Records excerpted from a collection:
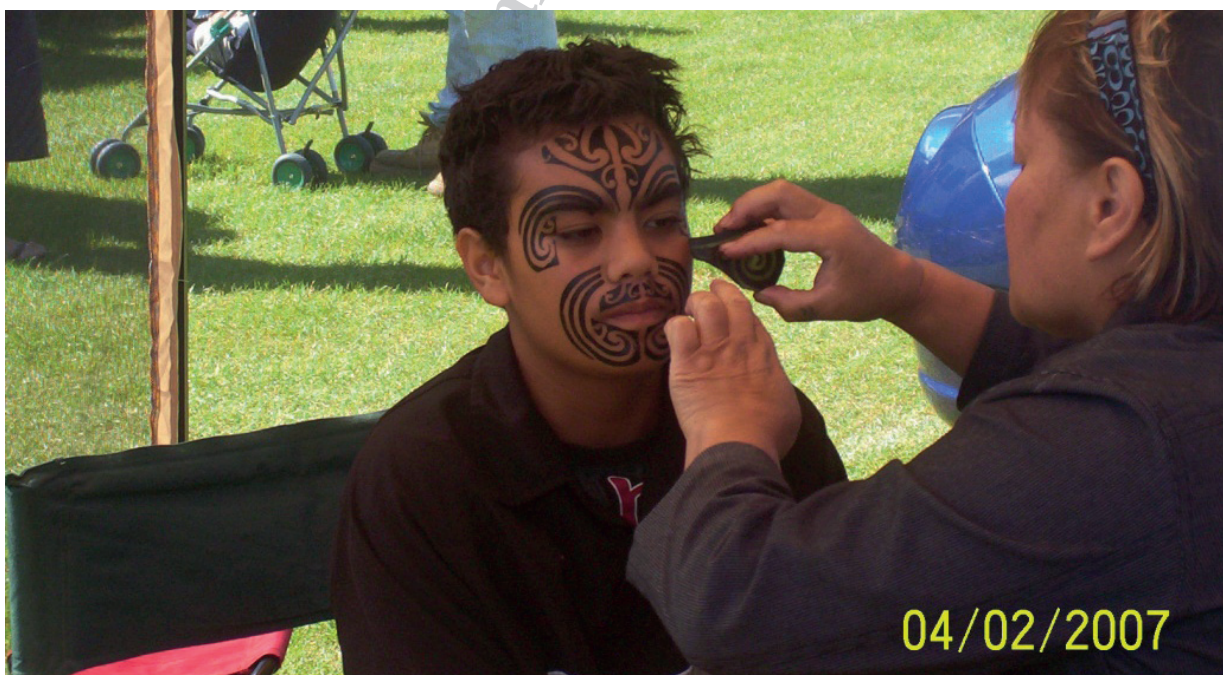
Pic. 6. Youth cultivating the Moko tradition, temporary facial painting
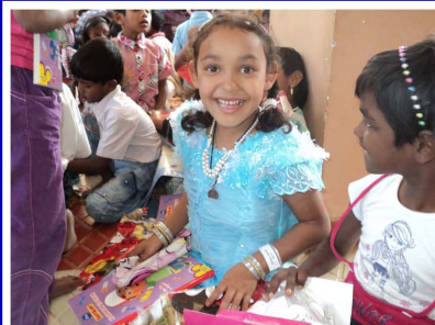
Children excited with their Christmas presents
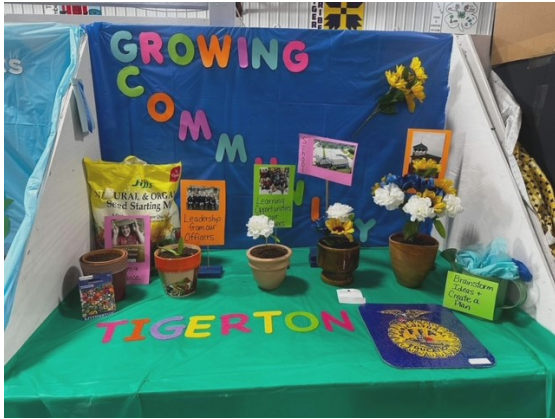
The FFA Fair Booth won a blue ribbon @ the Shawano County Fair.
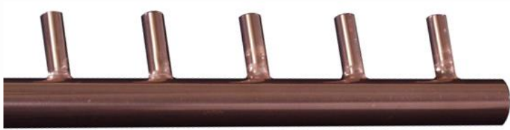
72" Copper Head
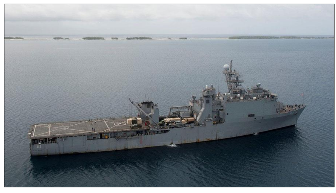
Figure 1. LSD-41/49 Class Ship

numerous U.S. states that provide materials and components for Navy amphibious ships. HII states that the supplier base for its LHA production line, for example, includes 457 companies in 39 states.<sup>20</sup>
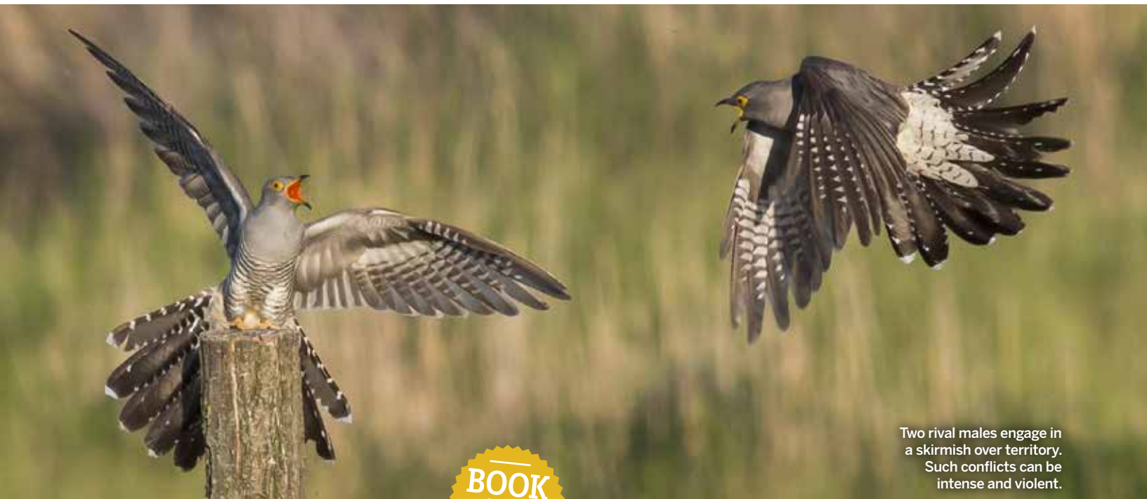
Two rival males engage in a skirmish over territory. Such conflicts can be intense and violent.
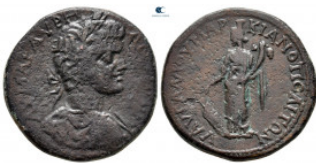
1064 Moesia Inferior. Marcianopolis. Elagabal AD 218-222. Bronze Æ 28 mm, 11,97 g very fine 10
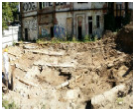
terrace houses at 170 Victoria Street, Carlton (CUB site)
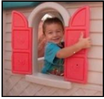
CREATING CARING COMMUNITIES WEBINAR/WORKSHOPS
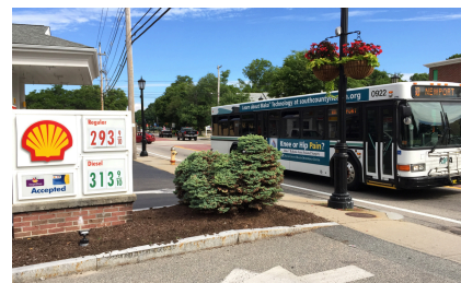
One gallon of gas costs about $1 more than a trip on RIPTA. You decide!

Summer 2018 is a great time to “dump the pump” and give public transportation a try! Gas prices are already hovering around the $3 mark and are predicted to climb even higher. Try riding with us the season – whether it’s to work, summer classes or seasonal attractions.
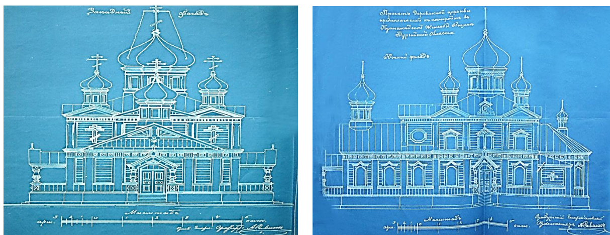
Photo 3. Design drawings of a wooden church in the Kostanay female community of Turgay region [24]

### Task requirements
What lines above hold the word "with"? Pull each one out.

### Task response
Children excited with their Christmas presents
Summer 2018 is a great time to “dump the pump” and give public transportation a try! Gas prices are already hovering around the $3 mark and are predicted to climb even higher. Try riding with us the season – whether it’s to work, summer classes or seasonal attractions.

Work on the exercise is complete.